Le difficoltà in cui versa SOGEMI e che riguardano più complessivamente la gestione di Ortomercato non possono più essere sottovalutate o tollerate dalla Giunta Moratti.
Siamo infatti di fronte a problemi riguardanti il Bilancio, l’eventuale realizzazione di Città del Gusto, la qualità e la sicurezza degli ambienti, la presenza di amianto in parte delle strutture nonché l’attivismo della criminalità organizzata e della delinquenza.
Problemi che la Giunta fino ad oggi ha fatto finta di non vedere affrontandoli attraverso scelte limitate (come l’erogazione di 500mila Euro avvenuta il 24 dicembre, totalmente irrilevante di fronte alle dimensioni delle difficoltà).
Serve una svolta netta, radicale, a partire dalle nomine – i cui termini scadono l’11 di gennaio -.
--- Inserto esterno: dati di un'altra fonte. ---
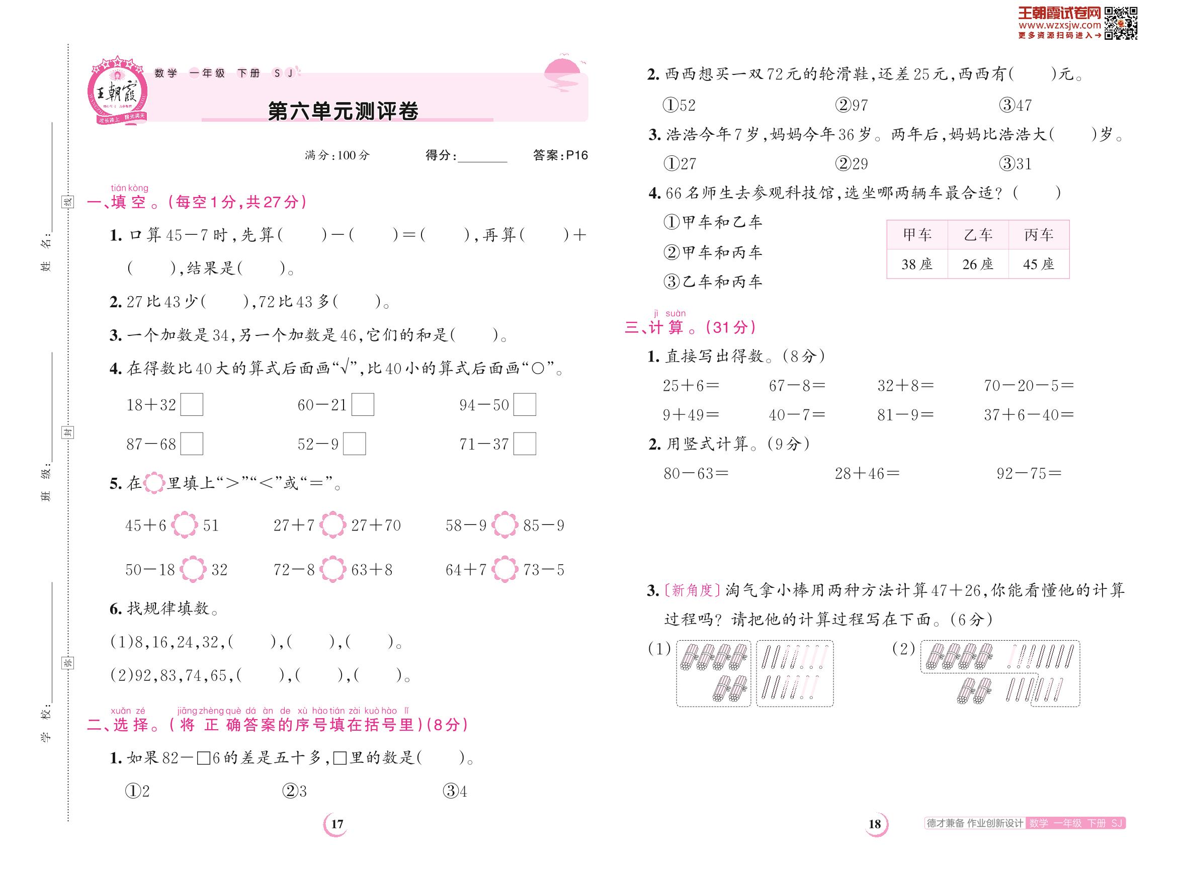 一年级数学苏教版下册单元卷

Chiediamo al Sindaco di assumersi la responsabilità di scelte di grande discontinuità e in tal senso se consultati saremmo pronti a fornire la nostra opinione.
Con questo spirito inoltre presenteremo in consiglio la proposta riguardante l’istituzione di una Commissione d’inchiesta sul tema di SOGEMI.
Affinché si sviluppi una fotografia efficace e si fornisca un contributo di idee e proposte in una fase di criticità davvero drammatica.